Nuclear Family is a fascinating movie—but it isn’t an honest one, and the story of this pioneering couple has yet to be told. More importantly, the film is not about a queer family that reimagines relationships to bring more adults into a child’s life. Instead, it is about two lesbians who made a very traditional family at a time when that was a difficult task to navigate—and then got scared about what letting biological fathers into their life might portend.
Along the way, the Russo-Youngs made troubling decisions that no one can confront fully even now. It is, indeed, a nuclear family—one perhaps still waiting to explode.
Short takes:
Because the GOP has no shame and never has. Republican candidate Glenn Youngkin’s closing ad in the Virginia gubernatorial campaign, again trying to mobilize white voters’ panic about the critical race theory that is not being taught in their schools, is completely false. The ad steals a slide used by a Florida education scholar in a seminar intended to address the disproportionate suspensions of African American boys by asking adults to read critical race theory. It is being portrayed in the ad as instructions from McAuliffe about how students should be taught CRT. (Popular Information, October 31, 2021)

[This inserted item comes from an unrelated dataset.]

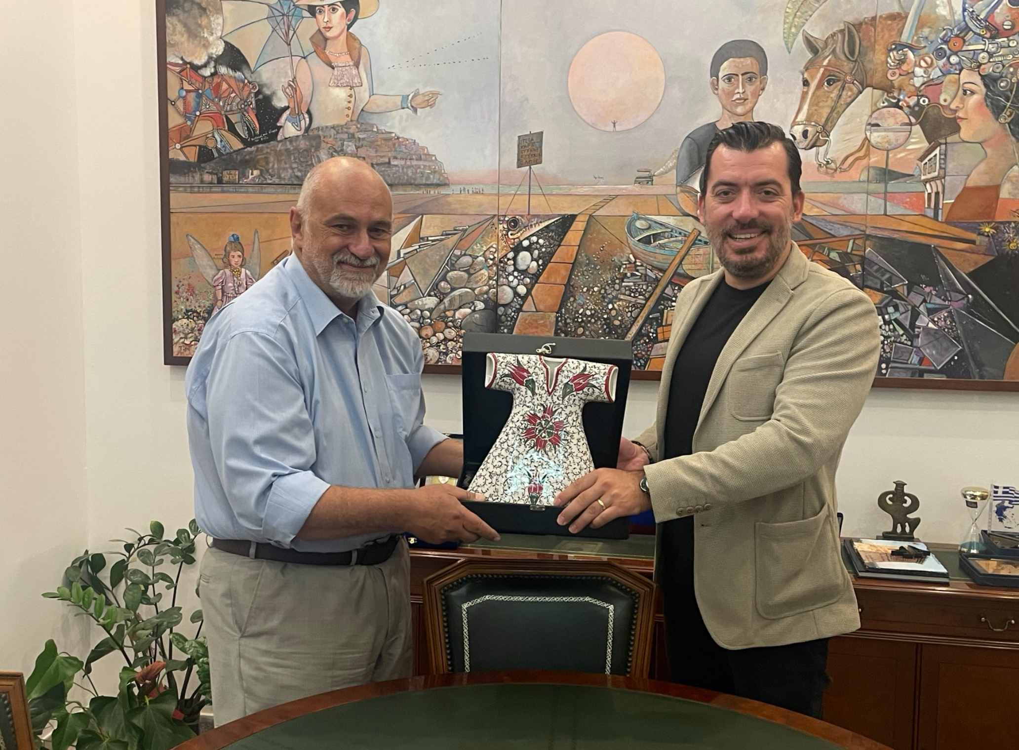 Στη συνέχεια ο κ. Aydin προσέφερε στον Αντιδήμαρχο ένα αναμνηστικό δώρο, το οποίο απεικονίζει ένα παραδοσιακό καφτάνι της περιοχής τους. Σήμερα, Κυριακή 7 Σεπτεμβρίου, ο κ. Μπουλώτης συνόδευσε την αποστολή στην επίσκεψη που πραγματοποίησε στο Μουσείο Παιδικού Παιχνιδιού & Βιβλίου στη Μύρινα, ενώ αύριο, Δευτέρα 8 Σεπτεμβρίου, η Ένωση Ξενοδόχων Λήμνου έχει προσκαλέσει τους επιχειρηματίες και φορείς του τουρισμού της Λήμνου, σε Β2Β συνάντηση με την παραπάνω αντιπροσωπεία, η οποία θα πραγματοποιηθεί 18:00 με 20:30 στο Ξενοδοχείο Varos Village.

Because clothes do matter. It is generally a no-brainer to say that discussing a female politician’s appearance is sexist. But Tressie MacMillan Cottom asks us to rethink that since women's clothing is part of a performance, and Arizona Senator Kyrsten Sinema’s eclectic outfits speak volumes. “Her sartorial choices,” Cottom writes, “the denim vest, the bared arms, the chunky costume jewelry, the bright colors — are how she performs that ideology of independence and maverick-ness. (New York Times, October 29, 2021)

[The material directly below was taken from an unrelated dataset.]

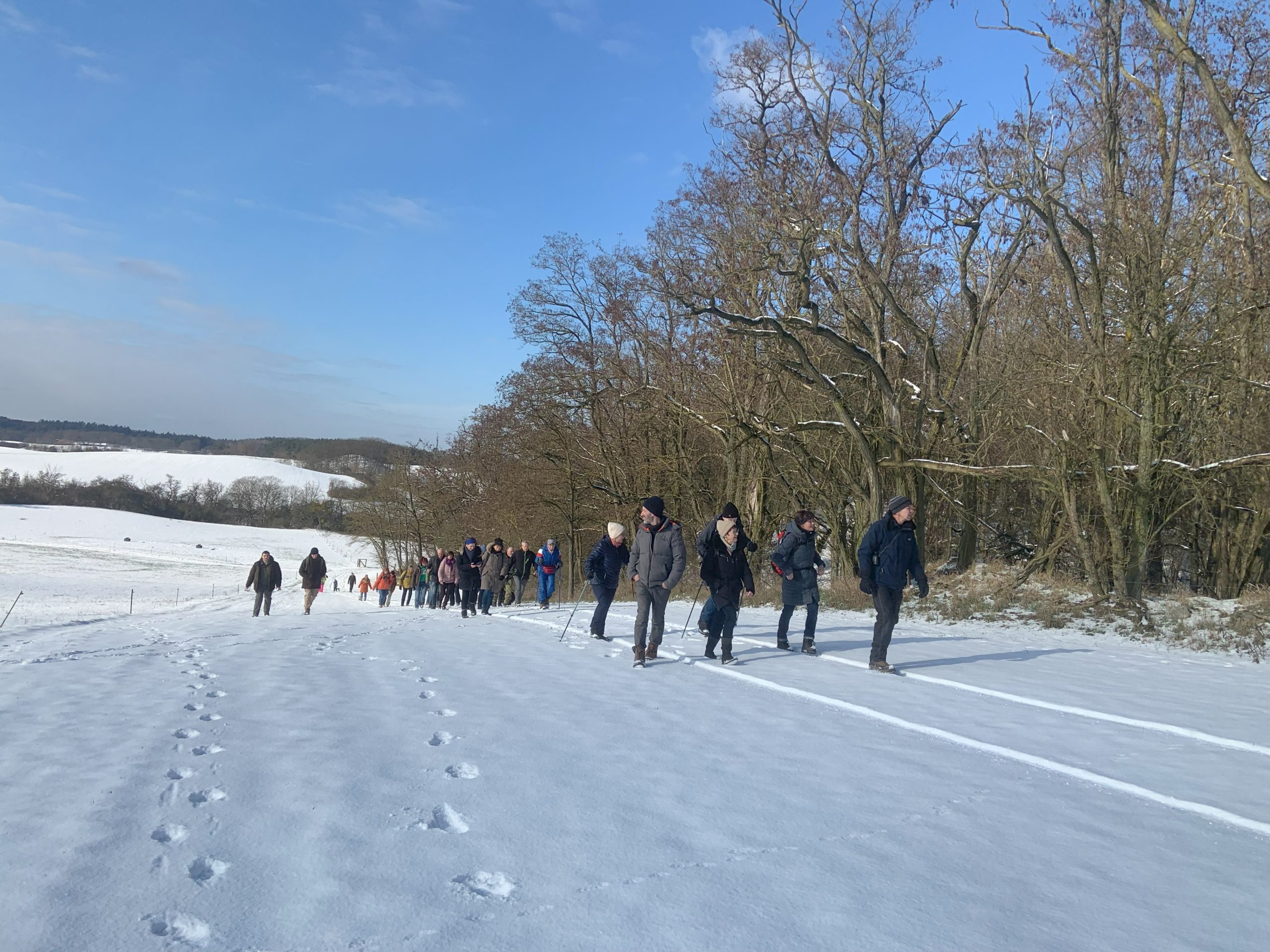 Am Samstag, den 15.Februar 2025 fand die traditionelle Winterwanderung des Heimatvereins statt. Bei bestem Winterwetter nahmen insgesamt 40 Wanderfreunde teil und starteten vom Pfingstberg in Liepe, um gemeinsam die winterliche Natur zu genießen.

Because Joe Manchin is too corrupt for his own good. At The Washington Post, Helaine Olen speculates that Manchin may have just thrown Democrats into the Republican briar patch by torpedoing paid family leave. Why? “life difficult for federal workers in many ways,” Olen writes, “but he did one good thing for them: signing legislation granting federal workers access to 12 weeks of paid parental leave.” (October 28, 2021)
Such vivid memories of this case. It had a big impact on our decisions about family. I agree that there may be some self-delusion there. It was fascinating and painful to watch.

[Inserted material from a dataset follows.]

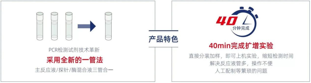其中,天隆猴痘核酸试剂基于荧光PCR技术平台,采用一管法检测,检测灵敏度达200 copies/mL,可在40min内实现猴痘病毒的快速检测。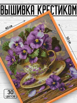 Вышивка крестом набор 40х50 см Фиалки Цветы

Wow. I am fascinated by this story and also that you have a personal connection to it. You write about it with tremendous insight and I will surely watch this movie. It is most interesting to me how the related acts of delusion and mendaciousness function in the tale. Being gay until very recently in this country meant having to lie all the time just to get along, both within families and in society at large. It is not surprising perhaps that dissembling would be an almost knee-jerk reaction to any threat to their hard-fought-for family.